Stellar parameter prediction and spectral simulation using machine learning
Vojtěch Cvrček, Martino Romaniello, Radim Šára, Wolfram Freudling, Pascal Ballester
TL;DR
This work addresses the need for fast, accurate extraction of stellar parameters from high-resolution spectra while simultaneously enabling realistic spectral simulations. By combining supervised and semi-supervised autoencoder architectures with a physics-informed spectral simulator, the authors achieve mean Teff errors around 50 K and metallicity/log g precisions near 0.02–0.04 dex, while dramatically reducing per-spectrum processing time to the millisecond regime on GPUs. The approach leverages a semi-supervised latent space that separates label-informed and unknown factors, and employs novel generative metrics (RVIS and GIS) to quantify cause-and-effect fidelity in spectral generation. The results show that label-aware models can rival traditional methods in accuracy and scale efficiently to massive surveys, with simulated data providing meaningful benefits when labeled data are sparse, marking a practical path toward high-throughput spectroscopic analyses.
Abstract
We applied machine learning to the entire data history of ESO's High Accuracy Radial Velocity Planet Searcher (HARPS) instrument. Our primary goal was to recover the physical properties of the observed objects, with a secondary emphasis on simulating spectra. We systematically investigated the impact of various factors on the accuracy and fidelity of the results, including the use of simulated data, the effect of varying amounts of real training data, network architectures, and learning paradigms. Our approach integrates supervised and unsupervised learning techniques within autoencoder frameworks. Our methodology leverages an existing simulation model that utilizes a library of existing stellar spectra in which the emerging flux is computed from first principles rooted in physics and a HARPS instrument model to generate simulated spectra comparable to observational data. We trained standard and variational autoencoders on HARPS data to predict spectral parameters and generate spectra.

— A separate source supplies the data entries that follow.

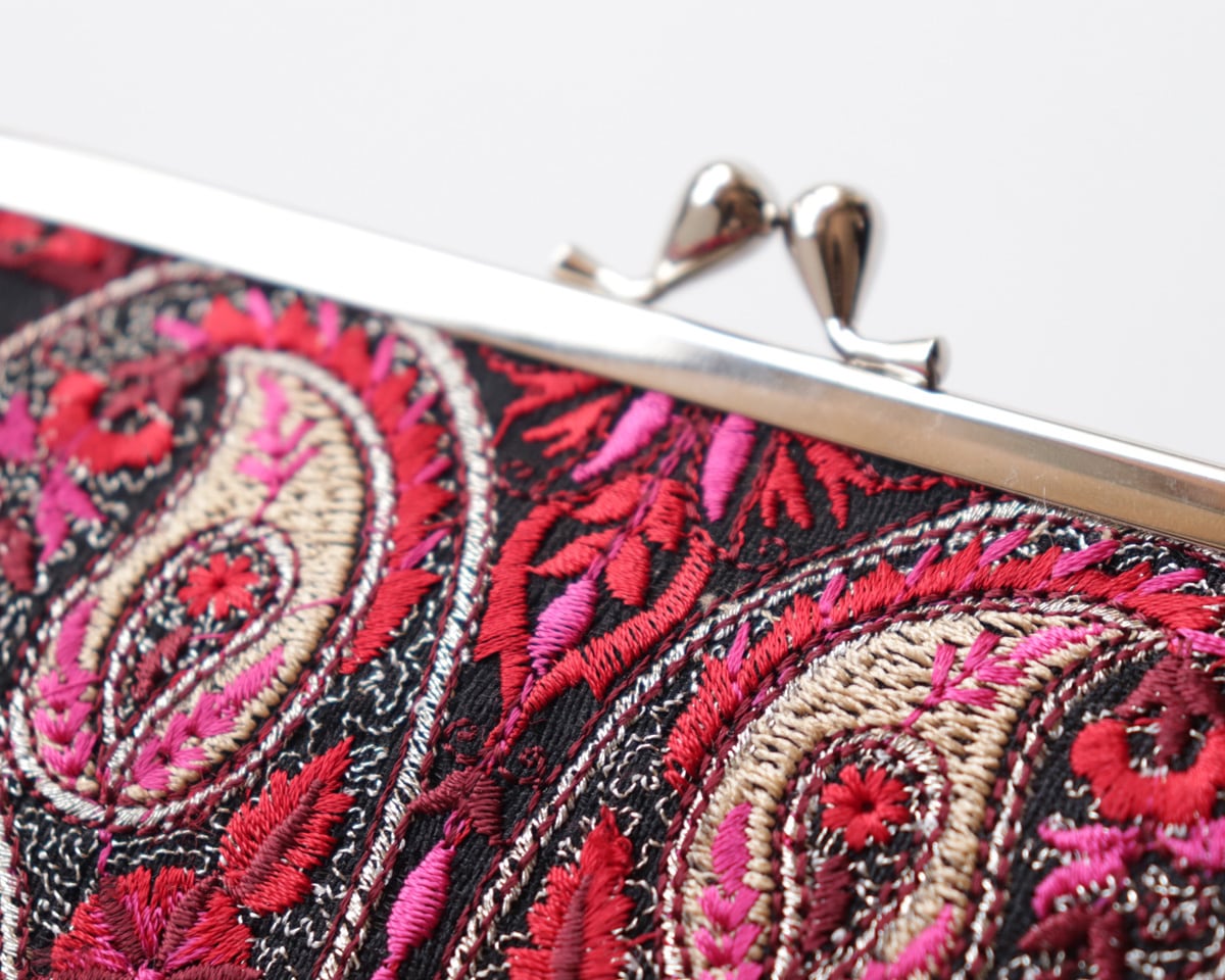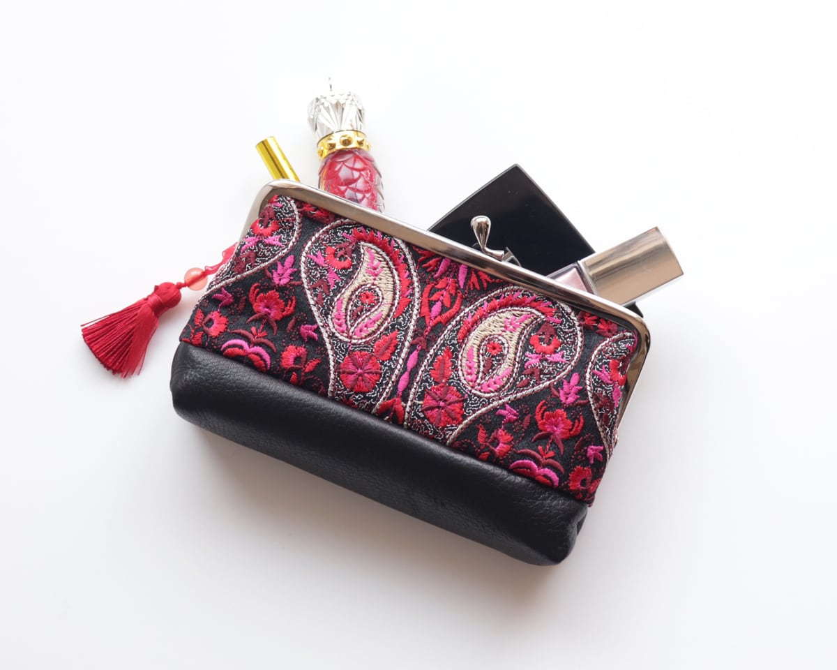 インド刺繍リボンと牛革レザーのがま口ポーチ Oriental Blossom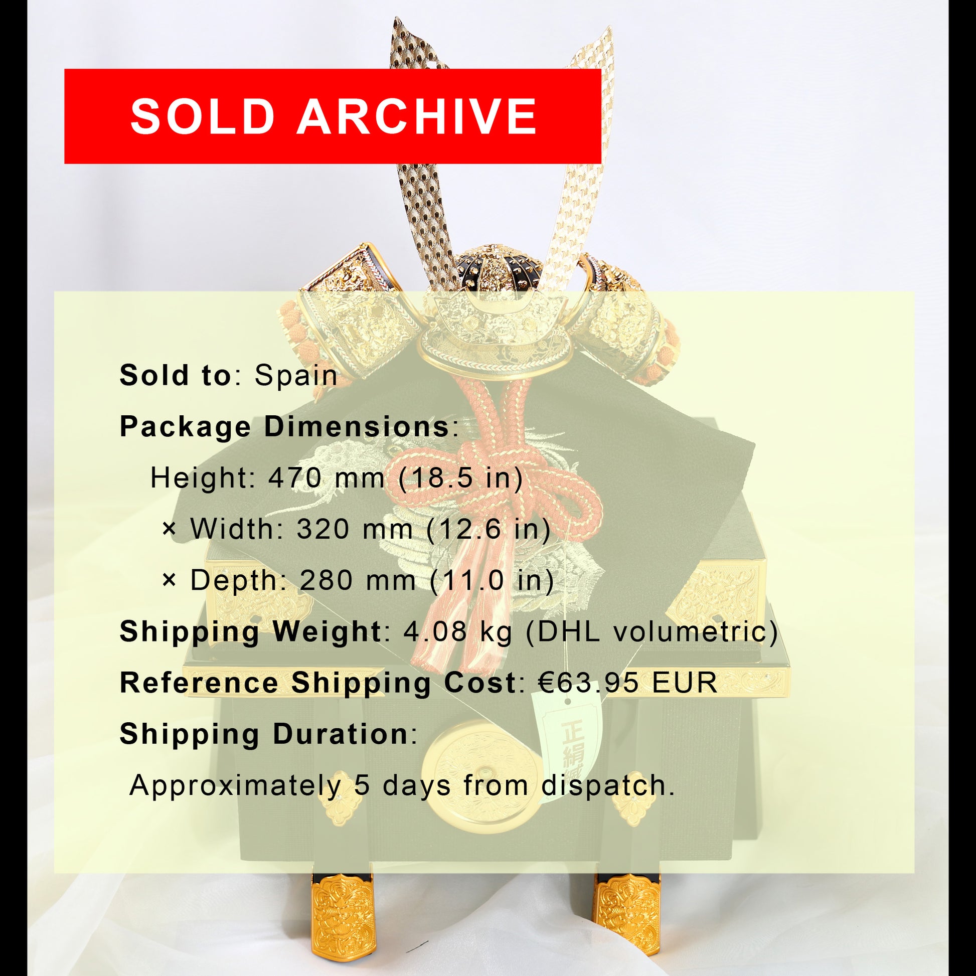 Delivered as a fully assembled display piece, the Kabuto includes a black lacquered base adorned with gold ornaments. Worldwide shipping available.
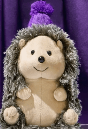 Opis sadržaja: a stuffed hedgehog wearing a purple hat is sitting in front of a purple curtain

Our models excel at predicting spectral parameters and compressing real spectra, and they achieved a mean prediction error of approximately 50 K for effective temperatures, making them relevant for most astrophysical applications. Furthermore, the models predict metallicity ([M/H]) and surface gravity (log g) with an accuracy of approximately 0.03 dex and 0.04 dex, respectively, underscoring their broad applicability in astrophysical research. The models' computational efficiency, with processing times of 779.6 ms on CPU and 3.97 ms on GPU, makes them valuable for high-throughput applications like massive spectroscopic surveys and large archival studies. By achieving accuracy comparable to classical methods with significantly reduced computation time, our methodology enhances the scope and efficiency of spectroscopic analysis.